Dinimizde niyetin önemi çok büyüktür. Kötü niyet için yerine göre bazen günah, iyi niyet için her zaman sevap vardır. Mümin iyi bir iş yapmaya niyet edip, fakat onu yapamasa bile yine sevap alır. Sıradan dünya işleri dahi, ahiret menfaati için yapıldığında ibadet halini alır. Örneğin yeyip, içmek, uyumak, çalışmak gibi mubah olan işler iyi niyetle yapıldığında sevap kazanılır. Ancak bunlar kötü niyetlerle yapılırsa veya bunları yapmak bir farzı vaktinde eda etmeye mani olursa günah olur. Mubah olmayıp ta günah olan şeyler ise, iyi niyetle yapılıyor olsa dahi günah olmaktan çıkmaz.
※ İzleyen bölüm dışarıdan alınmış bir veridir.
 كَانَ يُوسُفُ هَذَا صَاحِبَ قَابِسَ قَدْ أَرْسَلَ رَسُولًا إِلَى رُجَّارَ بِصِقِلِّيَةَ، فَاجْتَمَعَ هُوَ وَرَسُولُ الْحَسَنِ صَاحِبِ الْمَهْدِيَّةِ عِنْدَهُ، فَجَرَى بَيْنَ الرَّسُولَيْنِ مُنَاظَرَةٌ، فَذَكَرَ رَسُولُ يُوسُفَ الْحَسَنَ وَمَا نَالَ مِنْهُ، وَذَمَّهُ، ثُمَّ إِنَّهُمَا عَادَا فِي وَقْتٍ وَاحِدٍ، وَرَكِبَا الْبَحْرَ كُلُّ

En doğrusunu Allah (c.c) bilir.

Bismillahirrahmanirrahim.

En'am-162 "Ey Muhammed! De ki: “Şüphesiz benim namazım da, diğer ibadetlerim de, yaşamam da, ölümüm de âlemlerin Rabbi Allah içindir."

Kehf (103-105) "De ki: Amelleri en çok boşa gidenleri size bildirelim mi? Onların dünya hayatında çalışmaları boşa gitmiştir. Oysa onlar güzel işler yaptıklarını sanıyorlardı. İşte onlar, Rabblerinin âyetlerini ve O'nun huzuruna çıkacaklarını inkâr etmişlerdir de bu yüzden iyilik altında yaptıkları bütün amelleri boşa gitmiştir. Artık kıyamet günü onlar için hiçbir ölçü tutturmayız."
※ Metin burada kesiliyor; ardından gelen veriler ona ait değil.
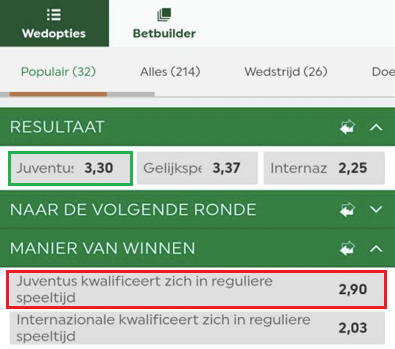 Aanbieders van sportweddenschappen laten geregeld een (flink) verschil in hun quoteringen optekenen. Onderstaand zie je bijvoorbeeld noteringen voor de Coppa Italia tussen Juventus en Inter. Hieruit blijkt dat er tussen de aangeduide groene en rode quotering een groot verschil zit van maar liefst 0,40. Het resultaat van de 1X2 weddenschap “Juventus wint” en “Juventus kwalificeert zich in reguliere speeltijd” is nochtans exact hetzelfde.

Zariyat-56 "Ben cinleri ve insanları, ancak bana kulluk etsinler diye yarattım."

Beyyine-5 " Hâlbuki onlara, ancak dini Allah’a has kılarak, hakka yönelen kimseler olarak O’na kulluk etmeleri, namazı kılmaları ve zekâtı vermeleri emredilmişti. İşte bu dosdoğru dindir."

Şüphesiz Allah (c.c) Doğruyu Söyledi.

Peygamber Efendimiz(s.a.v) Buyuruyorlar ki;

"Ameller (başka değil) ancak niyetlere göredir; herkesin niyeti ne ise eline geçecek odur. Kimin hicreti, Allah ve Resulü (rızası ve hoşnutlukları) için ise, onun hicreti Allah ve Resulü’ne müteveccih sayılır. Kim de nail olacağı bir dünya veya nikahlanacağı bir kadından ötürü hicret etmişse, onun hicreti de hedeflediği şeye göredir." (Buhari, Bedü’l-Vahy, 1; Müslim, İmare, 155; Ebu Davud, Talak, 11)
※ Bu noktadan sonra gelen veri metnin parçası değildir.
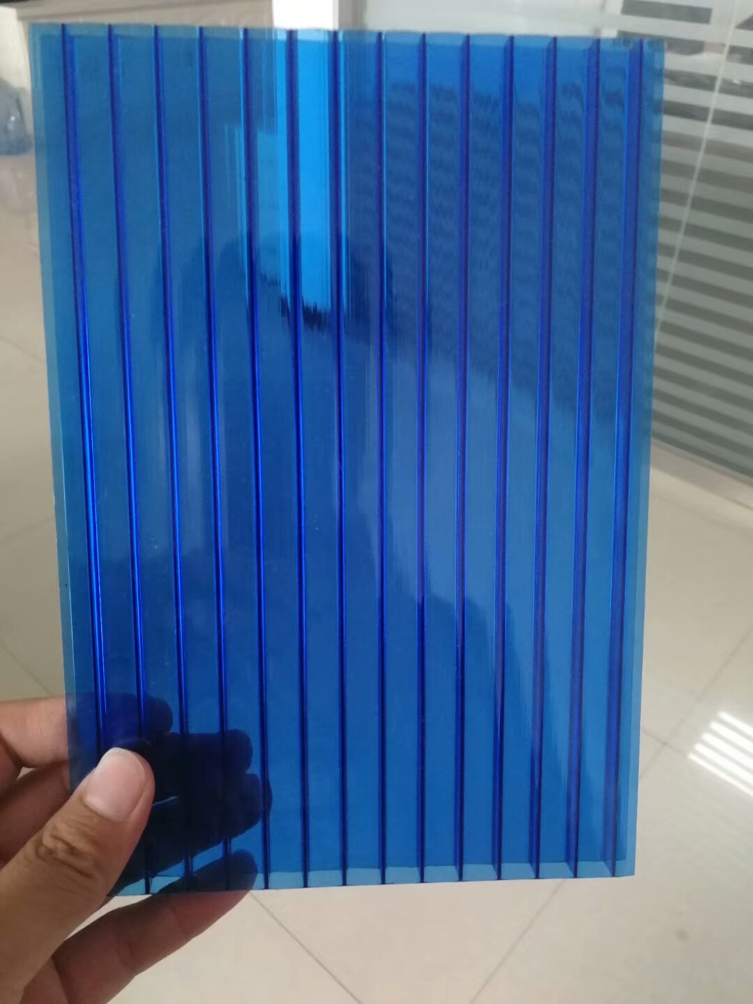 Blue polycarbonate hollow sheet combines practical performance with aesthetic decoration, providing effective sun protection and heat insulation while adding a beautiful appearance to buildings. The soft blue tint filters strong sunlight, reduces glare, and creates a comfortable indoor light environment.

"Allah Teala iyilik ve kötülükleri takdir edip yazdıktan sonra bunların iyi ve kötü oluşunu şöyle açıkladı: Kim bir iyilik yapmak ister de yapamazsa, Cenab-ı Hak bunu yapılmış mükemmel bir iyilik olarak kaydeder. Şayet bir kimse iyilik yapmak ister sonra da onu yaparsa, Cenab-ı Hak o iyiliği on mislinden başlayıp yedi yüz misliyle, hatta kat kat fazlasıyla yazar. Kim bir kötülük yapmak ister de vazgeçerse, Cenab-ı Hak bunu mükemmel bir iyilik olarak kaydeder. Şayet insan bir kötülük yapmak ister sonra da onu yaparsa, Cenab-ı Hak o fenalığı sadece bir günah olarak yazar." (Buhari, Rikak 31; Müslim, İman 207, 259. Ayrıca bk. Buhari, Tevhid 35; Tirmizi, Tefsiru sûre (6),10.)


Kaynak:
Kur'an-ı Kerim, Sünnet (tevatür yoluyla günümüze kadar taşınmış, Ümmetin malumu olan Peygamberimiz(s.a.v)'in uygulamaları), Sünnet'i teyit eden ve Kur'an'la çelişmeyen mütevatir hadisler ışığında hazırlanmıştır.